Let $(M,d)$ be a metric space. Let $A\subseteq V\subseteq M$.

1) $A$ is open in $V \Leftrightarrow A = C\cap V$ (for a certain open $C$ in $M$)

2) $A$ is closed in $V \Leftrightarrow A = C\cap V$ (for a certain closed $C$ in $M$)

Questions:

  • Could someone check the proof?

  • 'for a certain open $C$ in $\color{Blue}{M}$.'

    Would this proof also work for a more specific choice of $C$? Like for a certain open $C$ in $\color{blue}{V}$. I don't really see the added value of choosing $M$ over $V$.

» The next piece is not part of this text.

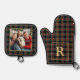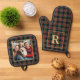 Weihnachts Kariertes Monogram Gold Foto Ofenhandschuh & Topflappen-Set

  • Could some give me some pointers on how to prove $2, \Rightarrow$?

Proof 1)

$\Leftarrow$: Choose $a\in A$.

$$\begin{array}{rl} & a \in A = C\cap V\\ \Rightarrow & a \in C\\ \Rightarrow & (\exists r > 0)(B_M(a,r)\subseteq C)\\ \Rightarrow & (\exists r > 0)(B_M(a,r)\cap V \subseteq C\cap V)\\ \Rightarrow & (\exists r> 0) (B_V(a,r)\subseteq A \end{array}$$

$\Rightarrow$: Choose $a\in A$.

$$\begin{array}{rl} \Rightarrow & (\exists r_a >0)(B_V(a,r_a) \subseteq A) \end{array}$$

Consider all $a\in A$ then:

$$\begin{array}{rl} & A = \bigcup_{a\in A} B_V(a,r_a)\\ \Rightarrow & A = \bigcup_{a\in A} \left[ V\cap B_M(a,r_a)\right]\\ \Rightarrow & A = V\cap\left[ \bigcup_{a\in A} B_M(a,r_a)\right] \end{array}$$

Let $$\left[ \bigcup_{a\in A} B_M(a,r_a)\right] = C$$ which is open as a union of open sets.

Proof 2)

$\Leftarrow$:

$$\begin{array}{rrl} & V\setminus A &= V\setminus(C\cap V)\\ \Rightarrow & & = (V\setminus C)\cup (V\setminus V)\\ \Rightarrow && = V\setminus C \end{array}$$

Since $C$ is closed then $V\setminus C$ is open and so is $V\setminus A$. Then $A$ is closed in $V$.

$\Rightarrow$: How?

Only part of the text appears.